Taking her under his wing, Franklin teaches Alice about the modern world. She picks up quickly. Stunned by the sheer number of Black faces she sees on magazines, on the television, just out living their lives, she quickly realizes the horrible truth: She was lied to. She was raised an enslaved person in an era of the Civil Rights movement, and never knew anything else.

Alice won’t let that happen to anyone else. She plans to free her family from Paul, and hopefully get some revenge while she’s at it.

2

Here’s the thing: The first 35-40 minutes of this film are all set on Paul’s plantation. It features all the grueling horrors inflicted upon Black people we’ve come to expect from filmed slave narratives. The violence and degradation of that first third of the film aren’t even particularly extreme by the standards of the genre, but they’re almost worse: They’re pointless.
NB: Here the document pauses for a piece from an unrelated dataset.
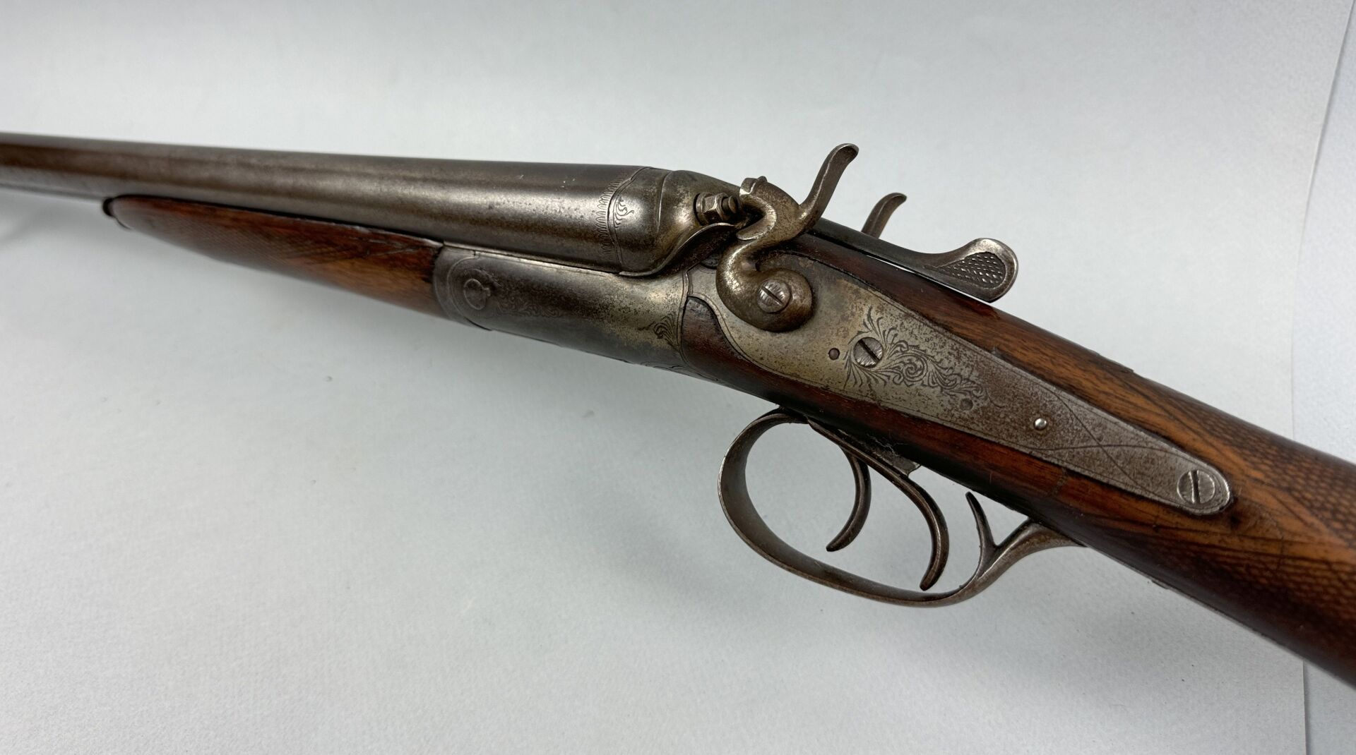 Fusil juxtaposé à chiens et à percussion centrale ouverture par clef entre les chiens, crosse anglaise, rallonge bois, mécanisme fonctionnel, pas d’enclouage.

See, if you’ve read a one-line synopsis of the film, you know that she’s going to escape and it’s the 1970s. If you’ve seen the trailer, you know that she escapes into the 1970s. Hell, the film foregrounds the twist, having people find a modern lighter or reading books that didn’t yet exist in the 1800s. It fully expects you to know what’s going on here. And yet, still, the film insists on wallowing in that pain.

Contrast this with Alice when she gets out. We have the requisite culture shock, as someone acclimates to a culture completely foreign to themselves. That’s a potentially interesting story. We have her relationship with Franklin, a former radical Black Panther settling into a miserable life of capitalist exploitation. There’s something there. And we have Alice herself, discovering the efflorescence of Black art, Black culture, Black thought that defined the 1960s and 1970s.

And that is a fucking story. An enslaved person going from having no real philosophy of resistance to learning about Angela Davis and Malcolm X? Using that as an impetus to fight injustice? Hell yeah! That’s powerful, emotional stuff. That’s the kind of thing movies never give us: Black joy, community, empowerment.

So why is it relegated mostly to a montage?

3

Alice isn’t terrible. Keke Palmer is excellent. There’s some really great prop work and costuming here. And I’m intrigued by the (admittedly disparate) threads that do manage to tie together white supremacy, patriarchy, and capitalism, the bell hooks trifecta. Fleshed out, this could have been a rich, vibrant film, without needing to change all that much to its basic structure.

Unfortunately, first-time director Krystin Ver Linden mostly takes the easy way out. The slavery scenes call to mind a budget 12 Years a Slave. The big revenge sequence is, as with most exploitation films, quick and simple. There are rich conflicts here and some excellent performances, but the movie doesn’t draw them out.

So Alice isn’t bad, sure. It’s just disappointing.